The companies’ first attempt at gaining regulatory approval fell flat in 2010, when the FDA refused to file Roche’s application for accelerated approval of T-DM1.
The initial application was based on results from a single-arm Phase II study showing that the drug shrank tumors in women with advanced HER2-positive breast cancer.

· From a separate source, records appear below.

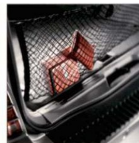
REAR CARGO NET
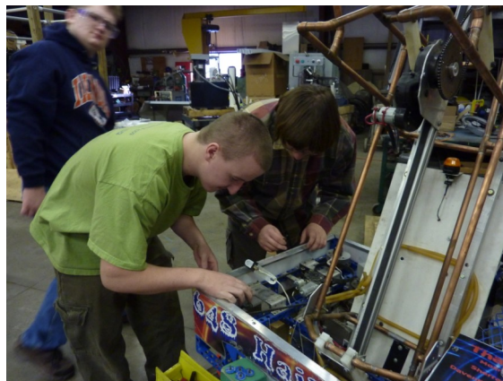
The guys checking out the setup on the old bot.
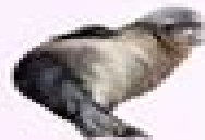
Hawaiian Monk Seal
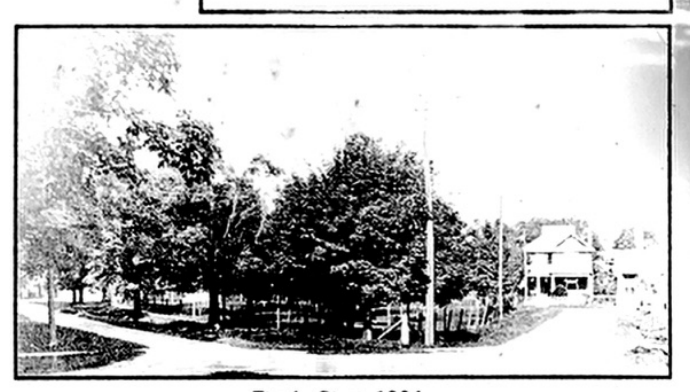
Fig.4 Circa 1924

BROOKLIN DOWNTOWN BUSINESS ASSOCIATION WITH COMMUNITY SUPPORT
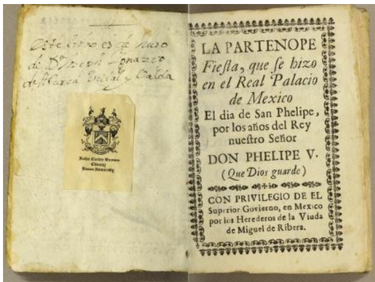
Title page of Zumaya's Libretto for Partenope (1714)

While most works were brought from Europe, there are occasional examples from the colonial period of works composed in the New World. Perhaps the earliest is the one-act opera in Spanish La Púrpura de la rosa , which was premiered in Lima in December 1701. Its composer was Tomás de Torrejón y Velasco, a Spanish man who had come to Lima in the 1660s with the Count of Lemos, one of Casteldosrius's predecessors as viceroy. Although it was likely the first opera composed in the Americas, it preserved close ties to Spain as the imperial centre: Torrejón's music was a setting of an older Spanish libretto, by Pedro Calderón de la Barca, which had first been used for an opera of the same name in Madrid c.1660 by the court composer Juan Hidalgo. The occasion for the premiere of this new version in Lima was the eighteenth birthday of King Philip V of Spain. It was not long after, however, that the first opera to be written by a composer born in the Americas - Manuel de Zumaya's Partenope - received its premiere at the viceroy's palace in Mexico City in May 1711. Zumaya (c1678-1755) was born in Mexico, and he served as director of music at the cathedral in Mexico City and later in Oaxaca. Unlike La Púrpura de la rosa , which featured mainly strophic songs in Spanish fashion, Zumaya's Partenope was a three-act work, Neapolitan in style, which might even have been performed in Italian.
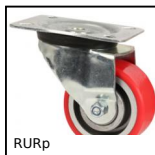
Wheel pivoting with plate, Polyurethane - Aluminium rim (Free running)
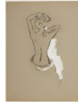
Back View of Nude Woman (KA002201_OSxxx1_f03_05)
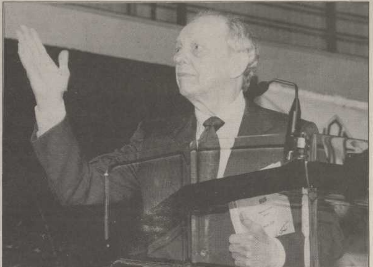
Actor Don Knotts, best known as Deputy Barney Fife on the Andy Griffith Show, was the featured speaker at the Night of Knights fund raising event and auction in the UCF Arena, recently. The event raised funds for the athletic department.
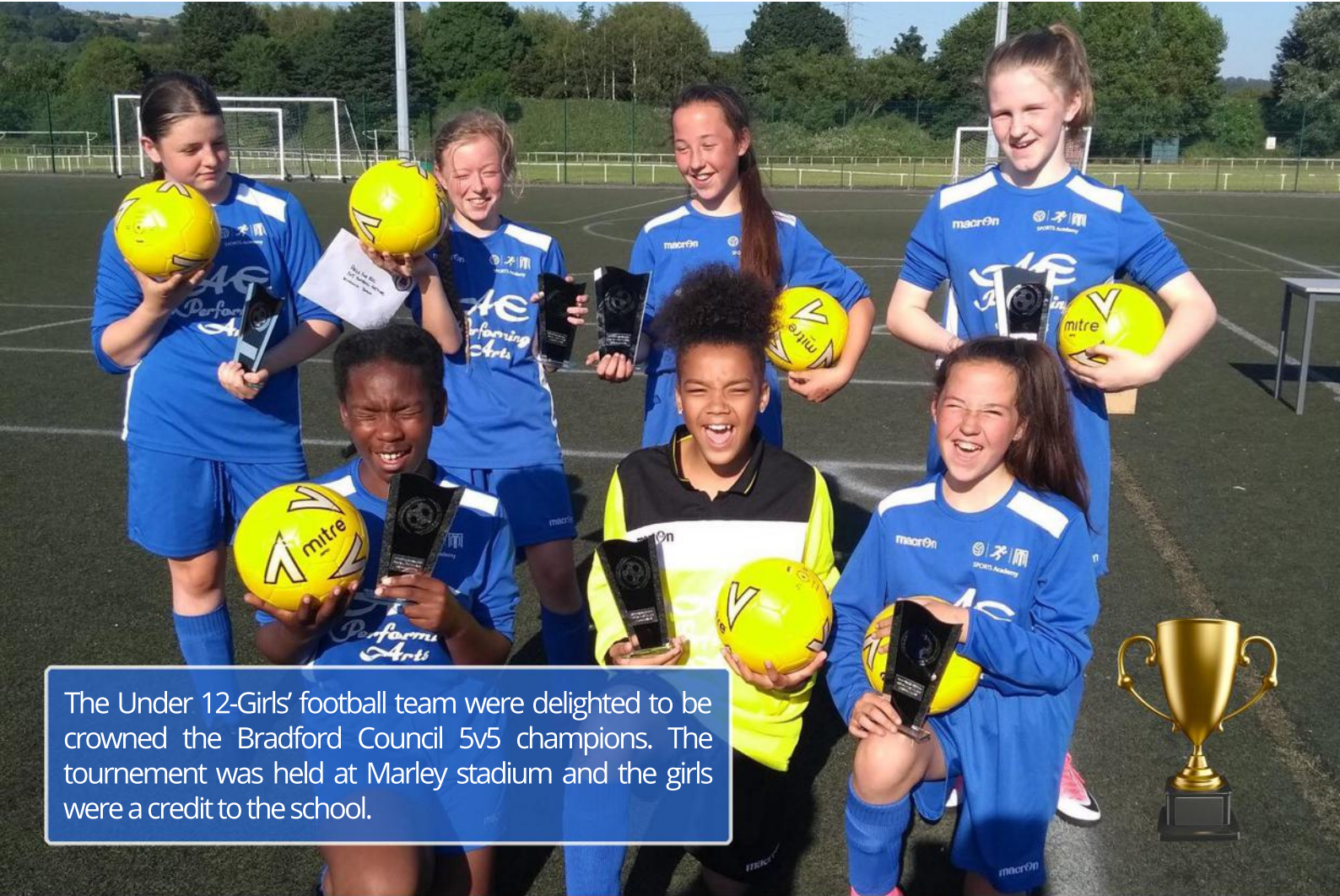
The Under 12-Girls' football team were delighted to be crowned the Bradford Council 5v5 champions. The tournament was held at Marley stadium and the girls were a credit to the school.
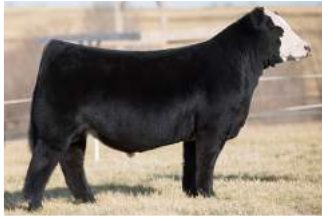
JASS ON THE MARK 69D SIRE OF LOT 11
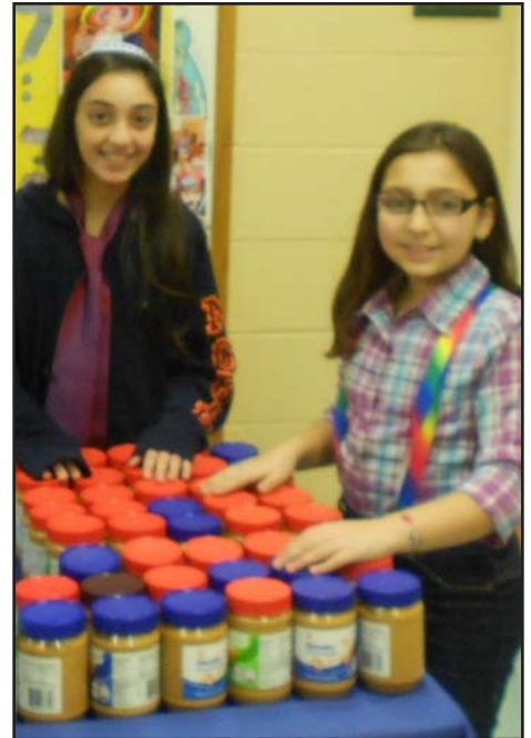
School food collection, above and below, is part of the holiday observance.

Never underestimate the power of song! From "Ma Nishtana" to "Avadim Hayinu," our children enthusiastically sing the Haggadah. We firmly believe in the power of creating strong Jewish memories. For many of us, seder memories are among the most powerful of our childhood. Pesach songs have the power to stir emotions, thoughts
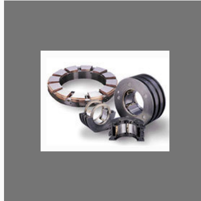
Turbine Journal & Thrust Bearings
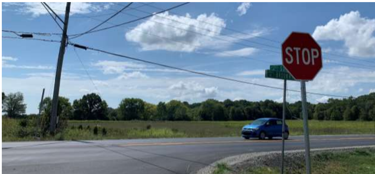
Subject site viewed from intersection of Brookville Road and Sorrel Street, looking south
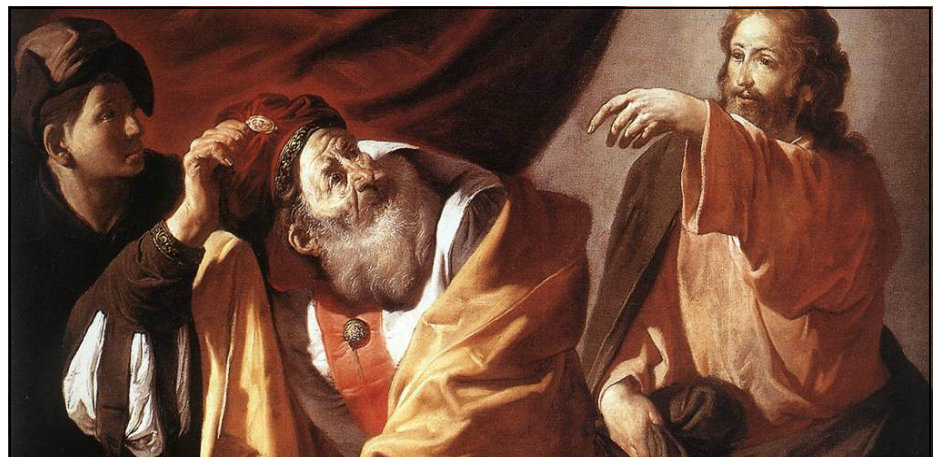
Terbrugghen's 'The Calling of St. Matthew'

The test of our lives lies in this - in the word that we leave behind us. Each life is a word, each one of us is the revelation of a faith or a futility. S. Matthew left a Gospel behind him. Matthew the publican revealed what his life might have been if Jesus had never come into it; S. Matthew the martyr-evangelist revealed what meeting with Jesus could mean.
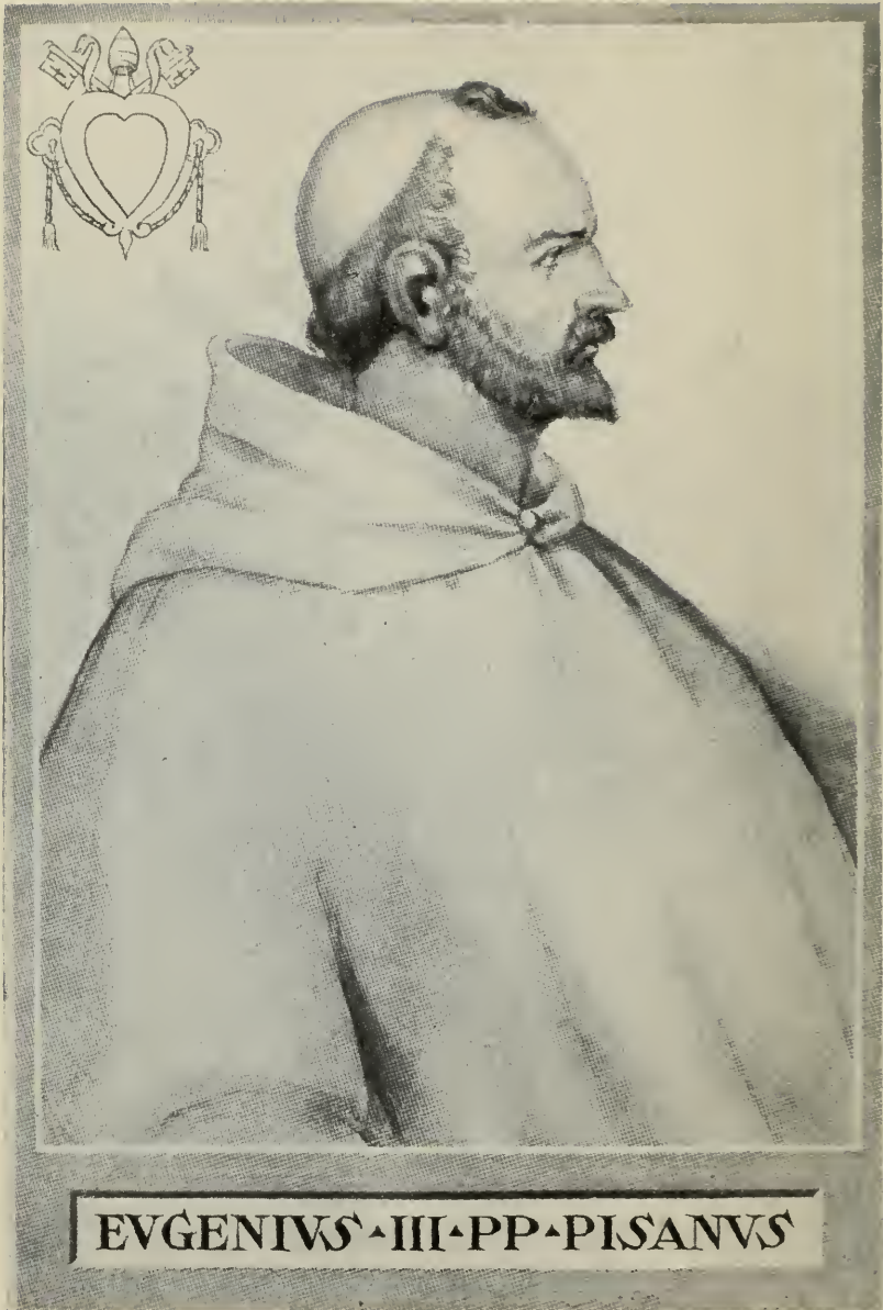
BLESSED EUGENIUS III (1145-53)
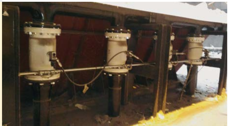
The sludge is distributed by 4 pinch valves to the hopper of the kiln
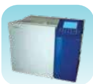
Optima Gas Chromatograph 2979 Plus
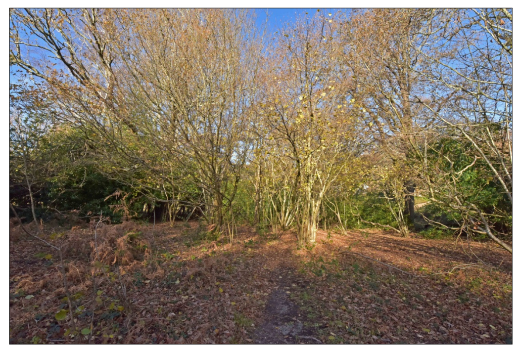
FIG 5. Woodland area, northern part with Hazel and Holly and sparse field layer of Bracken and Bramble
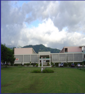
ICHS on a cloudy day

Ad Astra is published by the Immaculate Conception High School Alumnae Association-Toronto Chapter.
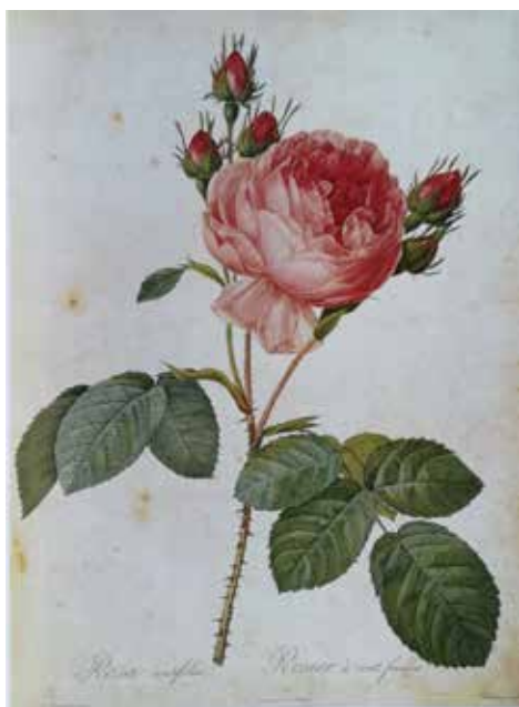
Rosa centifolia foliacea P.J. Redouté ~ Les Roses

Myth, legend, fable, or in newspeak, “misinformation.” As one of the world’s most beloved and oldest flowers, roses abound with such tales: the “twice blooming rose of Paestum”, the fair Rosamund/Rosa Mundi stories, the Lancastrians and Yorkists riding into battle with roses on their doublets. All have been given credence by authors who, like Winston Churchill, in his “History of the English Speaking Peoples,” regarded the Rosamund legend(s) as an “excellent tale”.
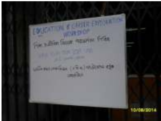
Education and Career Exploration Workshop

Education and Career Exploration Workshop was conducted for the socially disadvantaged high school students of Kolkata. This is to enhance overall academic performance of students (primarily girls) in middle and high school and prepare them for higher education and better career placement in future. Around 150 girls students from Jagadish Vidyapeeth for Girls, Kasba, Kolkata were attended the program.
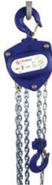
Manual chain blocks, various height and safe working loads
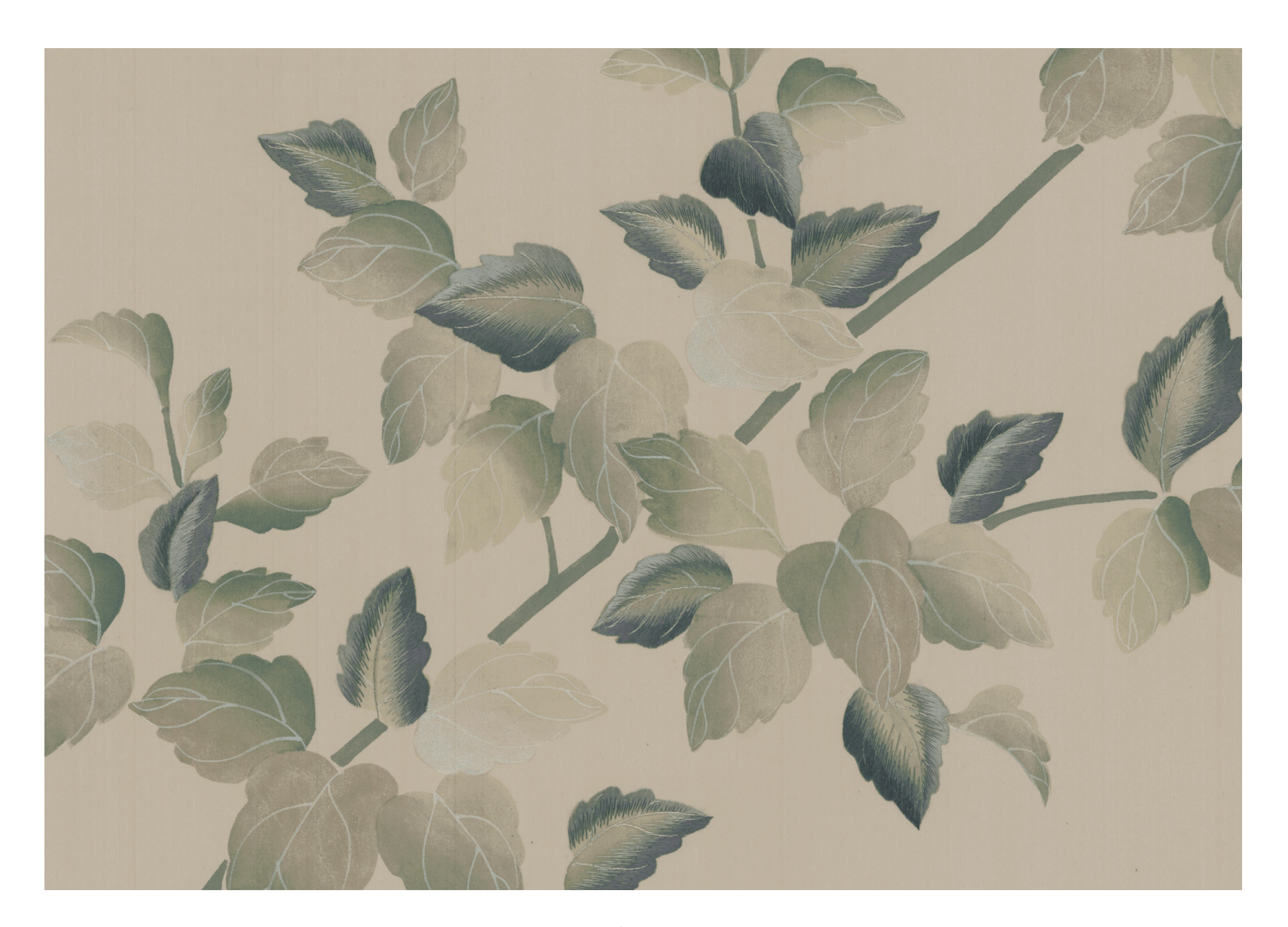
Keats in Lagune

With T-DM1 now demonstrating both OS and PFS benefits, as well as a more tolerable safety profile compared to Tykerb/Xeloda, the drug is expected to breeze through the approval process. US approval could come as early as Q2 2013, although EMA approval is unlikely before Q4 2013.
The companies will initially seek approval of T-DM1 as a treatment for patients with metastatic breast cancer who have previously been treated with multiple lines of therapy, but that is only the beginning of the companies’ plan for the drug.
The Phase III MARIANNE trial has completed enrollment, and is intended to provide data to support the regulatory filing of T-DM1 as a first-line treatment for HER2-positive metastatic breast cancer.
Additionally, the companies are exploring the benefits of T-DM1 in combination with Roche/Genentech’s Perjeta (pertuzumab) in patients with HER2-positive locally advanced or metastatic breast cancer.
Roche and Genentech hope that eventually T-DM1 will infiltrate the early stage HER2-positive breast cancer treatment algorithm, as the majority of patients are diagnosed with localized disease.
In June, Roche announced plans to initiate three more T-DM1 trials in patients with early disease, evaluating the drug for neoadjuvant use, adjuvant use, and to treat recurrent disease following surgery within this patient segment.
If all goes as planned, T-DM1 should be able to replace Herceptin in the majority of breast cancer patient segments in which Herceptin is currently used.
Given the potential breadth of use, the high prevalence of breast cancer and the fact that T-DM1 (similarly to Perjeta) will be priced at a premium to Herceptin, T-DM1 undoubtedly has blockbuster potential.
This is good news for Roche/Genentech, as their top-selling product Herceptin, with sales grossing over $3 billion in 2012 H1, will be facing generic competition following patent expiry in 2015.
Immunogen also stands to reap rewards from T-DM1’s success, as the company will collect mid-single-digit royalties on the sales.
This will help fund the clinical development of IMGN901, Immunogen’s lead wholly-owned compound, for the first-line treatment of small-cell lung cancer and for relapsed multiple myeloma.